= Ben Leo =

British journalist (born 1989)

Ben Leo (born 25 August 1989) is a British journalist and broadcaster known for his work with GB News and formerly The Sun newspaper.

==Journalism career==
Leo began his journalism career at The Argus newspaper in Brighton, where he gained recognition for his investigative reporting. His work on the dangers of fixed odds betting terminals led to significant regulatory changes in the gambling industry. In 2014, he was named the UK's Young Journalist of the Year at the Regional Press Awards.

In 2016 Leo joined The Sun newspaper as a reporter covering Brexit, the royal wedding between the Duke and Duchess of Sussex, the disappearance of Madeleine McCann and various terror attacks including the London Bridge massacre in 2017.

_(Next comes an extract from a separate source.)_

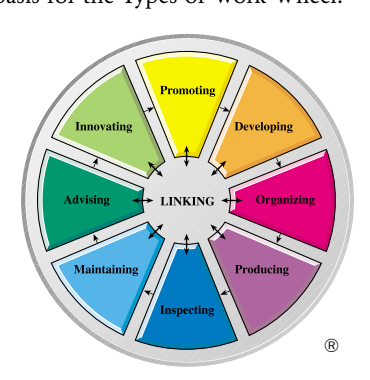
Types of Work Wheel

Working with teams all over the world, Margerison and McCann recognised that some teams were highly successful, whereas others, with similar experience, skills and abilities, failed. Problems such as conflict, mistrust and poor communication prevented some teams from reaching their full potential. Margerison and McCann's research examined the nature of work carried out in teams and identified eight core 'work functions' or different types of work, plus one central activity that integrated the work functions. These nine key success factors formed the basis for the Types of Work Wheel.

Leo arrived on the scene shortly after the attack in Borough Market by three Islamists who killed eight people. In a report for The Sun, he described counting bodies strewn over the pavement and told how he saw stricken Australian victim Sara Zelenak bleeding to death after having her throat cut by an attacker.

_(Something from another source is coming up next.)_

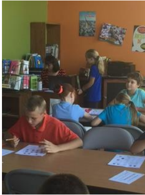
4 th Grade Spanish
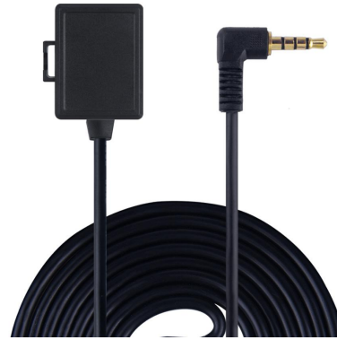
Figure1:GGM-3325-MTR Top View

In 2022, Leo joined GB News as a producer for Dan Wootton Tonight. He eventually progressed to on-screen roles, including appearances as a stand-in for Breakfast host Eamonn Holmes. In December 2024, it was announced that Leo would replace Mark Dolan on his weekend show.

He hosted Ben Leo Tonight which aired weekends from 9 to 11 pm from early 2025 to August of that year and co-hosted Britain's Newsroom on Fridays from 9:30 am to midday from 2023 to 2025.

In August 2025, Leo announced he was relocating to America, in a post on X. From September, he'll be reporting for GB News across the country and fronting the channel's new US show 'The Late Show Live' alongside colleague and fellow host, Beverley Turner. This comes as the channel seeks to broaden its operations in the US market.

In January 2026, it was announced that Leo would be remaining in America as host of The Late Show Live in addition to a new role as Chief US Correspondent for GB News - the first in the channel's history.